Panasonic’s plan will create a domestic supply chain, therefore reducing the pollution created while mining and transporting the raw materials. It will also ease the U.S. dependence on countries like China for these materials.
Panasonic Energy Chief Technology Officer Shoichiro Watanabe told Nikkei Asia, “We can secure resources that are in danger of depletion and reduce the amount of carbon dioxide emitted from the resource extraction stage to production.”
Panasonic’s partnership with Redwood began in 2019 when the company was tasked with recycling scrap materials from Panasonic’s battery facility in Sparks, Nevada. In November 2022, the companies announced that Redwood would be responsible for extracting nickel, cobalt, and lithium from used batteries, with nickel being the main focus as it accounts for roughly 90% of the cathode material used in Panasonic’s EV batteries.
“Used batteries contain a higher concentration of resources compared to ore and require less energy to smelt,” Watanabe said. “Depending on resource prices, recycled batteries can be cheaper.”
With this plan, Panasonic joins a growing movement among EV battery manufacturers to recycle used battery materials, reports Nikkei Asia.
GEM, a Chinese recycling company, has partnered with Mercedes Benz’s Chinese subsidiary and EV battery manufacturer Contemporary Amperex Technology Co. Ltd. (CATL) to recycle batteries.
In 2026, the European Union plans to implement a system that would record information about the origin of battery materials, as well as how much is recycled and how much carbon pollution is created during production.
The impact of recycling battery materials on pollution will be significant. It’s estimated that the mining of cobalt and lithium alone is responsible for about 3 million tons of carbon pollution a year, reports Earth.org.

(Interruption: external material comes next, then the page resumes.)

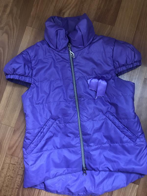 Стилтна жилетка фіолетового кольору для дівчинки 4-6 років, білок нема. Довжина ззаді по спинці - 46 см, 37 см по блискавці. Плечі - 27 см, ПОГ - 34 см.

“Battery manufacturers and recycling companies around the world are racing to develop technology to cheaply extract critical minerals from used batteries,” said Noboru Sato, visiting professor at Nagoya University to Nikkei Asia. Sato added that “it would be a big step toward winning in the EV battery market” if a company was able to make recycled critical minerals 30% cheaper than new minerals.
Panasonic Energy hopes to have the operation running by 2028, per Nikkei Asia.